● **Work item**:
From the entries below, write out exactly the lines between the line holding "Bottom Row: Delman" and the line holding "windowsom ma problemy.", inclusive, excluding any pictures.

● **Provided data**:
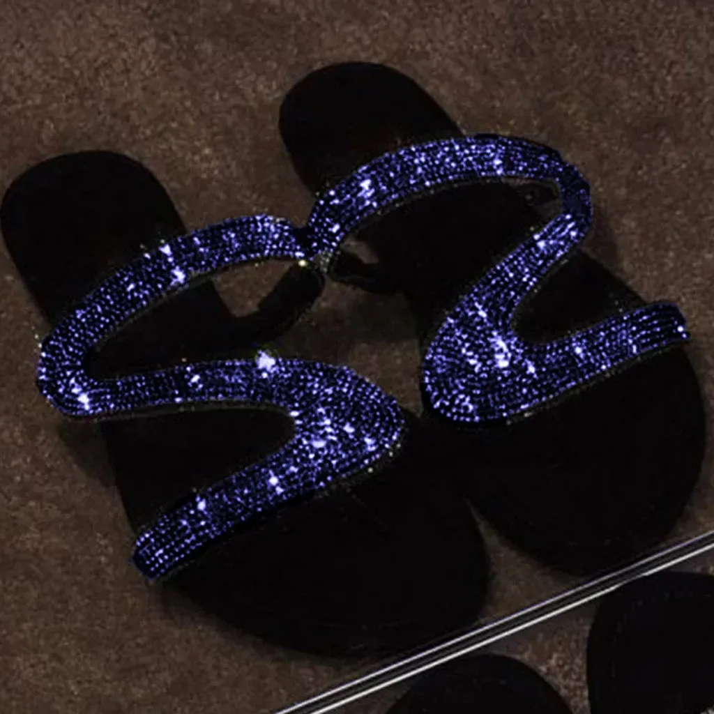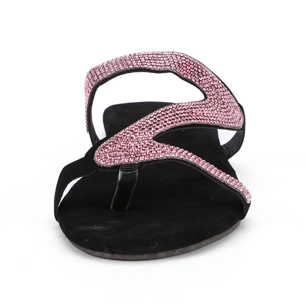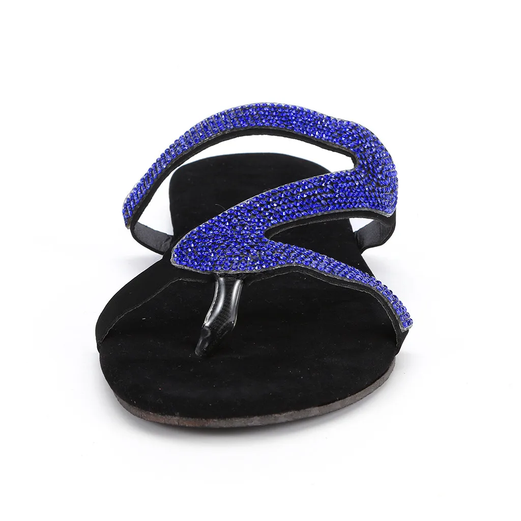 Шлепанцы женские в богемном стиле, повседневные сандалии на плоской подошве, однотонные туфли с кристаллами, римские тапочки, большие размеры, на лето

* * *

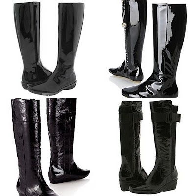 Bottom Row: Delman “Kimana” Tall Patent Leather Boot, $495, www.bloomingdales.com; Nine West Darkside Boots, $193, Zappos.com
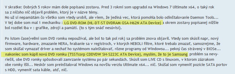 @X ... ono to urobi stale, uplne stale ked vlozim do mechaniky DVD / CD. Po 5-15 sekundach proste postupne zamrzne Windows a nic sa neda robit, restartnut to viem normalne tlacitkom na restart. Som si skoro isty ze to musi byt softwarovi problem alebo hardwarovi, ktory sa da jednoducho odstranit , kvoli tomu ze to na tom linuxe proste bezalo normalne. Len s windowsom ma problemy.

● **Your response**:
 Bottom Row: Delman “Kimana” Tall Patent Leather Boot, $495, www.bloomingdales.com; Nine West Darkside Boots, $193, Zappos.com
 @X ... ono to urobi stale, uplne stale ked vlozim do mechaniky DVD / CD. Po 5-15 sekundach proste postupne zamrzne Windows a nic sa neda robit, restartnut to viem normalne tlacitkom na restart. Som si skoro isty ze to musi byt softwarovi problem alebo hardwarovi, ktory sa da jednoducho odstranit , kvoli tomu ze to na tom linuxe proste bezalo normalne. Len s windowsom ma problemy.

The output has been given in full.